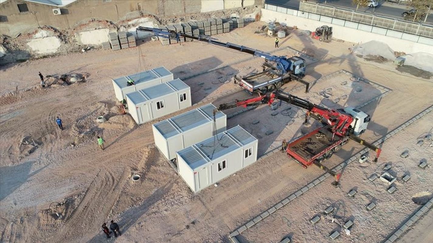 izmirde gecici barinma merkezine ilk konteynerler geldi
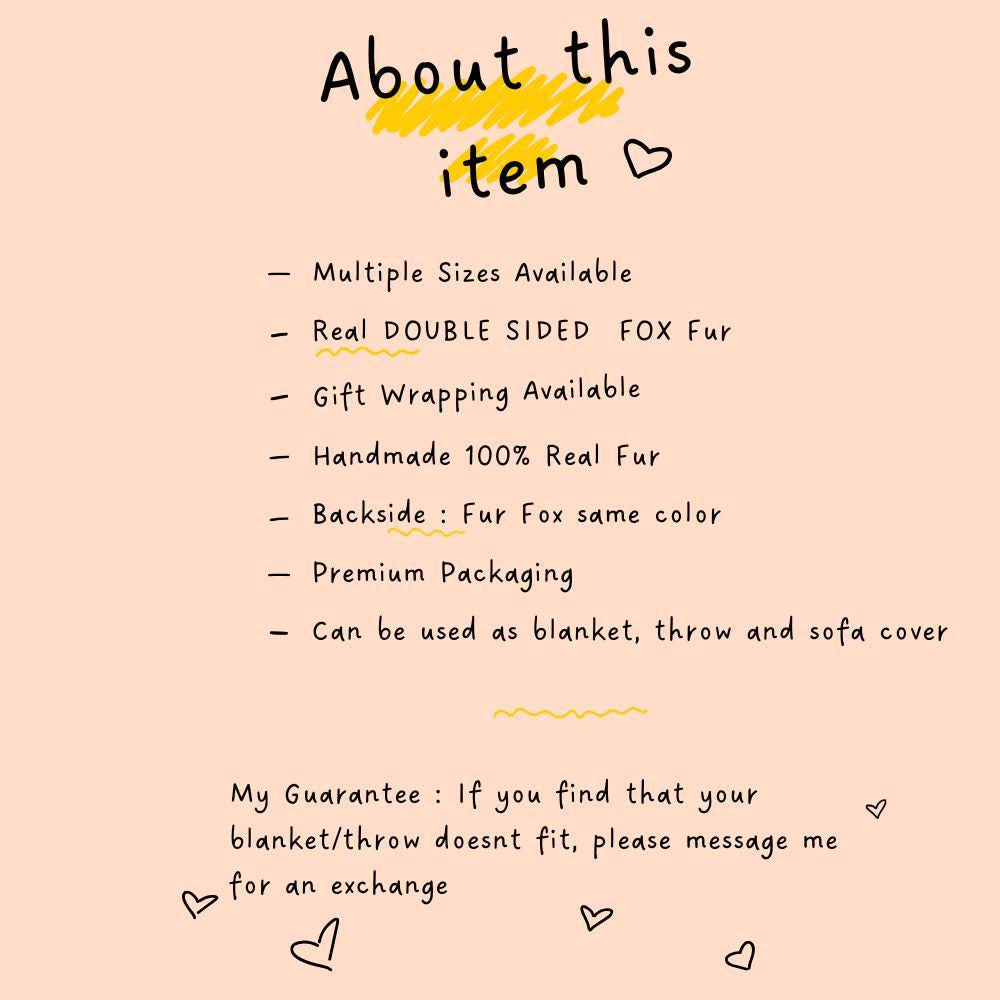 Natural fur fox possesses numerous health benefits: it promotes restful sleep, is soothing, thanks to warmth promotes blood circulation, provides relief to pressure points and achy limbs, is safe for kids and pets, is kind to skin, and is bacteria repellent. Also serves as a great pet bed and throw.
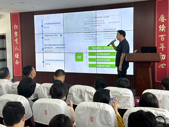 活動(dòng)期間,學(xué)校特邀溫州市職業(yè)中等專業(yè)學(xué)校副校長(zhǎng)、浙江省“萬人計(jì)劃”教學(xué)名師、浙江省特級(jí)教師、浙江工匠、浙江省春蠶獎(jiǎng)、全國(guó)工業(yè)和信息化職業(yè)教育教學(xué)指導(dǎo)委員會(huì)委員、正高級(jí)講師、高級(jí)技師王恒心帶來主題為“物聯(lián)十年:我與我的團(tuán)隊(duì)”的專題講座。
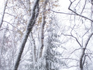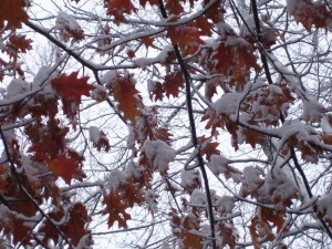 So I was going to say that the only deciduous leaves left are the oaks and some stubborn maples. That’s true. But today there was something else on the trees: snow. AAAACCCKKK!!!
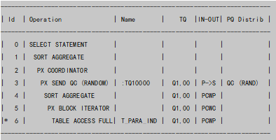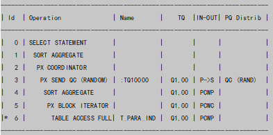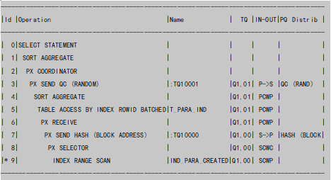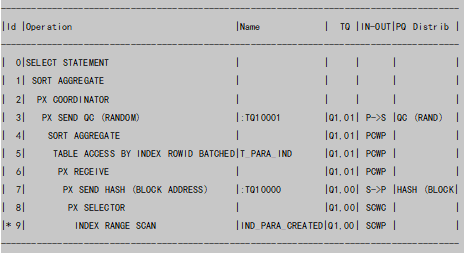 如果仔细观察IN-OUT列,就会发现Oracle的并行执行实际上从第6步才开始,第7步是串行到并行的过程,而第7步之前的第9步和第8步都是串行执行。
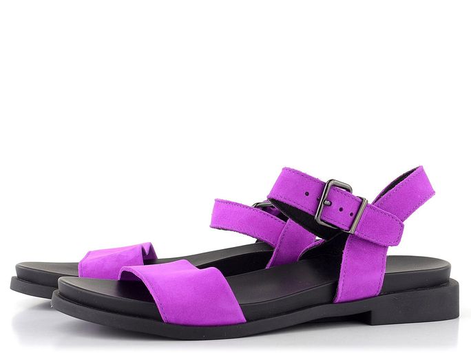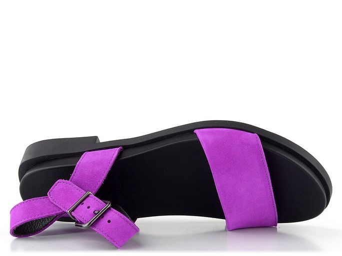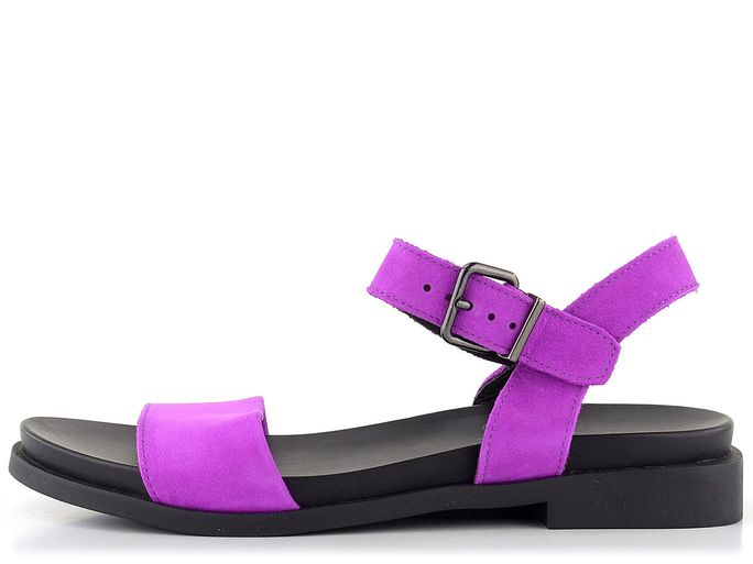 Luxusní dámské nubukové sandálky ve fuchsiově fialové barvě, s měkkou tvarovanou stélkou a nízkým podpatečkem.
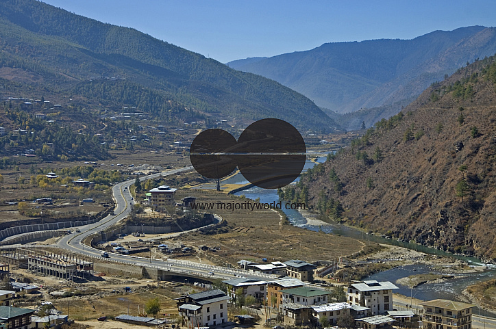 Landscape of Thimphu, the capital city of Bhutan. Thimpu became a town in 1961 and grew as the capital of Bhutan. Before 1960, Thimpu was a small settlement but was developed by the King Jigme Dorje Wangchuk to replace the ancient capital of Punakha.Today the city sprawls across the western slopes of the Wang Chhu river valley, with several government offices located around Tashichoe dzong. November 21, 2007.

> ASSIGNMENT
Return only the part above that opens with the line containing "活動(dòng)期間,學(x" and closes with the line containing "如果仔细观察IN-OUT列,就会发现Or", exactly and with both ends, skipping the pictures.

> WRITTEN SOLUTION
 活動(dòng)期間,學(xué)校特邀溫州市職業(yè)中等專業(yè)學(xué)校副校長(zhǎng)、浙江省“萬人計(jì)劃”教學(xué)名師、浙江省特級(jí)教師、浙江工匠、浙江省春蠶獎(jiǎng)、全國(guó)工業(yè)和信息化職業(yè)教育教學(xué)指導(dǎo)委員會(huì)委員、正高級(jí)講師、高級(jí)技師王恒心帶來主題為“物聯(lián)十年:我與我的團(tuán)隊(duì)”的專題講座。
 So I was going to say that the only deciduous leaves left are the oaks and some stubborn maples. That’s true. But today there was something else on the trees: snow. AAAACCCKKK!!!
 如果仔细观察IN-OUT列,就会发现Oracle的并行执行实际上从第6步才开始,第7步是串行到并行的过程,而第7步之前的第9步和第8步都是串行执行。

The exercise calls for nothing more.